Nachhaltigkeit spielt im Leben vieler Menschen eine zunehmend größere Rolle. Das betrifft auch das Thema Haustiere und speziell deren Futter. Hierbei steigt der Bedarf nach biologischen Zutaten und umweltfreundlichen Verpackungen. Viele Hersteller von Hunde- und Katzennahrung stellen sich mittlerweile darauf ein. Da man im Falle der Haustiere nicht auf eine Fütterung mit Fleisch und anderen tierischen Erzeugnissen verzichten kann, müssen andere Wege zu mehr Nachhaltigkeit gefunden werden. In diesem Ratgeber erklären wir, wie das funktionieren kann.

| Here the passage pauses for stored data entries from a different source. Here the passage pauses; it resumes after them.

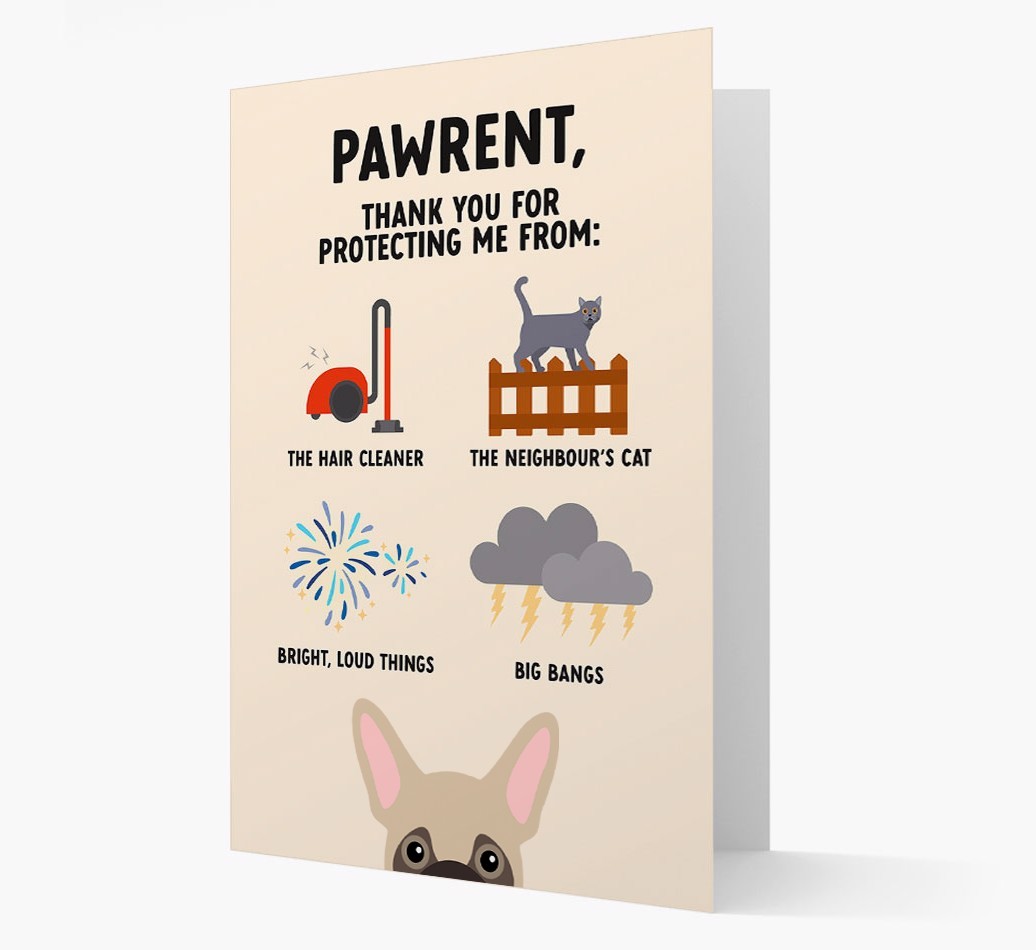 Featuring your Frugs Yappicon and a furbulous Yappy.com design, this card is sure to let Your Frug's pawrent know that they feel protected from big bangs and frightening felines.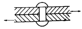 그림과 같은 리벳이음 단면에서 리벳직경이 5mm, 두 판재의 인장력 100kgf 이면 리벳단면에 발생하는 전단응력은 양 몇 kgf/mm2인가?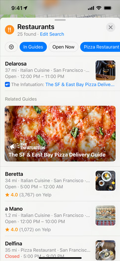 • Curated Guides are lists of places created by trusted partners to help you find great places to eat, shop, meet friends, or just explore. Maps offers more than 1000 curated Guides in cities around the world. In iOS 15, tap Explore Guides in Maps to see Guides recommended by Maps editors.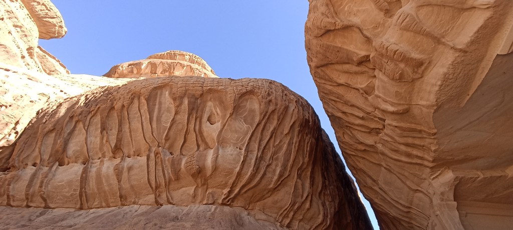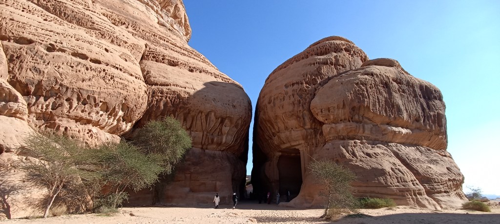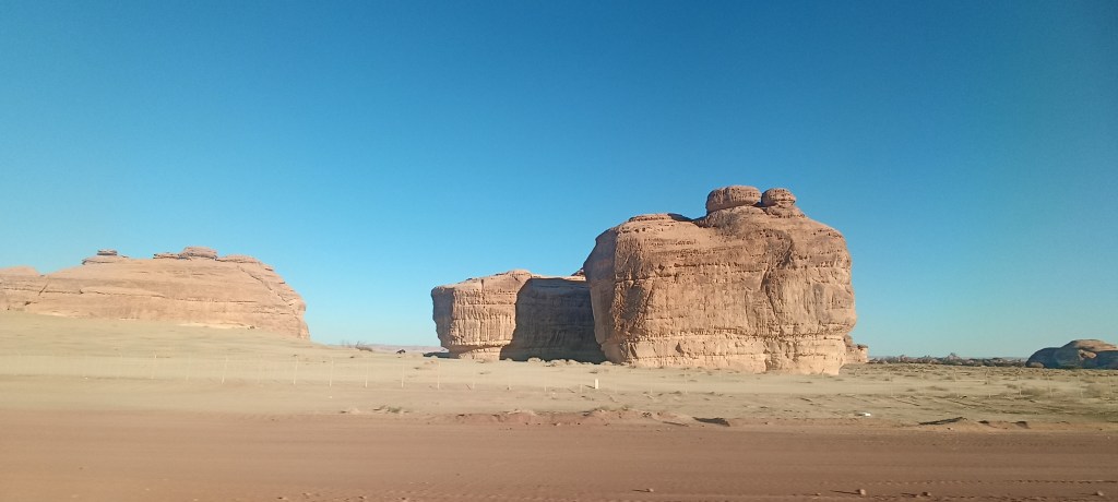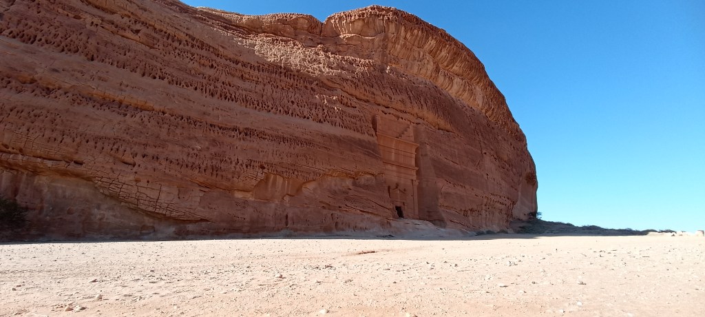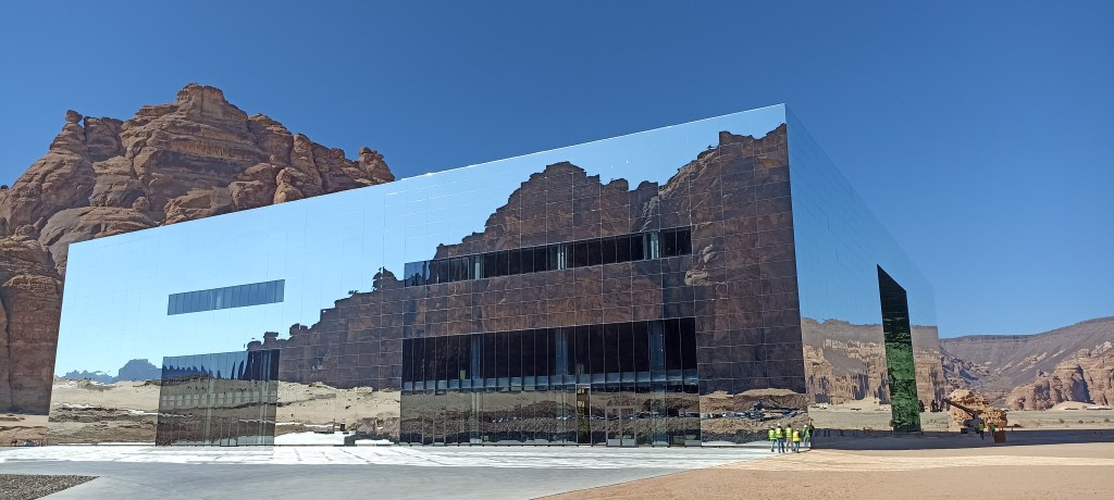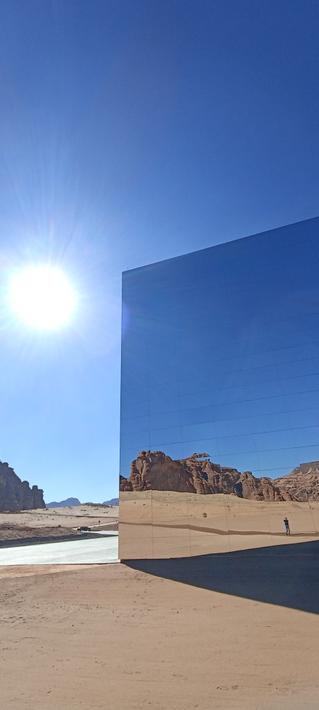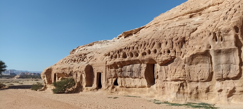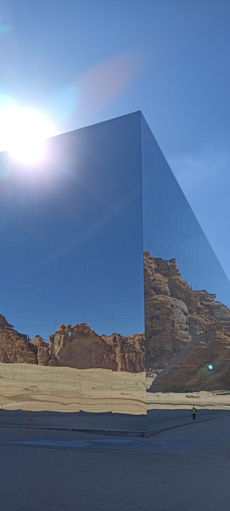 ٱلْعُلَا (AlUla) yra Medinos provincijoje esantis oazės miestas, Saudo Arabijos šiaurės vakaruose. Atsivėrus šaliai, šioje vietoje galima rasti daug įdomių dalykų. Vieni jų skirti prabangos mėgėjams, kiti – pažinimo mėgėjams. Kadangi pačioje AlUloje reikiamam periodui neradau laisvų viešbučių,o ir jiems esant laisviems, kainos gali netgi labai pasikandžioti, pasirinkau Tabuko miestą. Iš Rijado lėktuvas pakilo kiek vėluodamas, nes buvo tirštas rūkas, o leidžiantis Tabuko oro uoste oras buvo puikus. Nelabai didelis, tačiau šiuolaikiškai įrengtas oro uostas buvo apytuštis, tad pagriebęs lagaminą gana greitai atsidūriau lauke. Tabuke Uber programėlė neveikia ir šį kartą reikėjo pasinaudoti Careem paslaugomis. Pasisekė, kad automobilis atvyko greitai ir po keliolikos minučių jau buvau viešbutyje. Miestas yra atokaus šalies rajono, tačiau yra švarus, plačios gatvės. Viešbutis apskritai nustebino šiuolaikiškumu, o visas personalas puikiai kalba angliškai. Šiandien planavau tik padirbti ir pailsėti po visų prieš tai buvusių dienų, todėl tiesiog nuėjau iki netoliese esančio prekybos centro pavalgyti. Viešbutyje gavau laikiną kambarį kol sutvarkys mano, nes atvykau ryte ir kambarys buvo neparuoštas, todėl galėjau pailsėti. Kitą dieną laukė naujas nuotykis. Anksti ryte išvykau į AlUlą. Iš tiesų tai miestelio pavadinimas, kuriuo vadinama nemaža istorinio paveldo kaupina teritorija. Turėjau pasižymėjęs kelias vietas, kurias būtina aplankyti, bet juk ne pagal planą būna dažniausiai įdomiau. Pasirodo bilietus reikia užsisakyti iš anksčiau, o aš naiviai tikėjausi juos gauti vietoje, bet visuomet praverčia pažintys, kurios gelbėjo ir šiandien. Mane vežantis vairuotojas po keleto skambučių kur reikia, į telefoną gavo du bilietus – vienas veidrodinio pastato lankymui, o kitas poros valandų turui. Važiuojant kraštovaizdis pamažu pradėjo keistis ir rastis vis daugiau Jordaniją primenančių vaizdų. Ir iš tiesų Jordanijoje esančią Petrą primenančių vaizdų čia apstu. Visoje šioje didžiulėje teritorijoje daugiau nei prieš du tūkstančius metų viešpatavo nabatėjai. Jie buvo įsikūrę patogioje prekybos kelio vietoje, be to po savimi turėjo nemažai gruntinio vandens, kurį naudojo. Didelę kelio atkarpą šalimais buvo galima matyti buvusio piligrimų geležinkelio likučius. Šis maršrutas, vadinamas Hedžaz, daugiau nei prieš šimtą metų, jungė Damaską ir Mediną. Buvo matyti keletas buvusių stočių, kurios yra restauruojamos. Kiek vėliau vis daugiau matėsi sodų ir palmių giraičių. Vešli žaluma buvo priešprieša uolienai ir smėliui. Keitėsi ir uolienos spalva – buvusi rusvai pilkšva ar juoda keitėsi į rausvą, rudą ir geltoną. Mano pirmasis sustojimas buvo prie veidrodinio pastato, kuris vadinamas Maraja (arab. veidrodis arba atspindys). Tai į rekordų knygą įrašytas pastatas kaip didžiausias veidrodinis statinys. Jame yra koncertų salė ir restoranas. Įspūdingai atrodantis statinys yra viename iš slėnių. Buvo matyti tvarkoma automobilių aikštelė, taip pat valomi veidrožiai ir tvarkome aplinka. Po poros dienų čia atvyksta arabų pasaulio pop žvaigždė, o be to vakarais duris atveria prabangus restoranas ant stogo. Statinys atrodo tikrai įspūdingai, kai matosi ne tik smėlio, bet ir uolų bei dangaus atspindžiai. Bilietą turui po apylinkes turėjau antrai valandai popiet, todėl dar buvo laiko aplankyti keletą kitų vietų. Pirmiausia nuvažiavome iki dramblio kalno Jabal AlFil (žebel al fil). Pati dramblio teritorija buvo laikinai uždaryta, tačiau viskas puikiai matėsi kiek iš tolėliau ir galėjau laisvai fotografuoti neprieidamas artyn. AlUla senamiesčio didžioji dalis taip yra buvo uždaryta tyrinėjimams ir renovacijai. Jį ruošiamasi paversti dideliu muziejumi po atviru dangumi. Galiausiai atvykau į Winter Park teritoriją. Čia yra visų turų pradžia, kur sėdama į specialius autobusus ir važiuojama pasirinktu mašrutu. Šiandieninis mano turas – dviejų valandų Hedžra. Iš pradinės stotelės autobusas nuveža iki lankytojų centro, iš čia kitas autobusas važiuoja pirmojo lankytino objekto link. Autobusai kursuoja kas dvidežimt minučių, todėl išlipus iš vieno ir apžiūrėjus objektą bei išklausius gido pasakojimą, lipama į kitą atvažiavusį auobusą. Galima rinktis tą patį turą visureigiais ar arklių traukiamais vežimais. Pasirinkę šį turą išvysite nabatėjų kapavietes, kurios yra kaip Petroje, Jordanijoje. Šiuo metu yra šeši sustojimai, tačiau buvo matyti dar bent keletas papildomai įrengiamų. Visur yra švaru ir tvarkinga, į vidų užeiti neleidžiama, tačiau fotografuoti galima į valias. Šiame ture užtrukau kiek ilgiau nei dvi valandas, nes norėjosi apeiti kuo daugiau. Galiausiai grįžęs į pradinį tašką, sėdau į automobilį ir pajudėjau Tabuko link. Laukė beveik trijų valandų kelionė trumpesniais keliais.

Was ist nachhaltiges Haustierfutter?

Besonders in den letzten Jahren hat das Umweltbewusstsein auch bezüglich auf die Tierfutter-Branche erheblich zugenommen. Immer mehr Haustierbesitzer/innen wünschen ein Futter aus nachhaltiger und umweltfreundlicher Produktion. Konkret bedeutet das, dass natürliche Zutaten zum Einsatz kommen, die nicht mit Pestiziden oder anderen chemischen Mitteln behandelt wurden. Doch auch bei der Art der Verpackungen ist ein deutlicher Trend erkennbar: Hierbei setzen Hersteller immer häufiger auf recycelbare Materialien oder solche, die biologisch abgebaut werden können.

Nicht zuletzt spielt natürlich auch die Art der Tierhaltung eine Rolle. So ist es Tierbesitzer/innen zunehmend wichtiger, dass die Tiere, aus denen das Futter hergestellt wird, artgerecht gehalten werden. Fleisch, das aus Massentierhaltung stammt, wird hingegen häufiger abgelehnt.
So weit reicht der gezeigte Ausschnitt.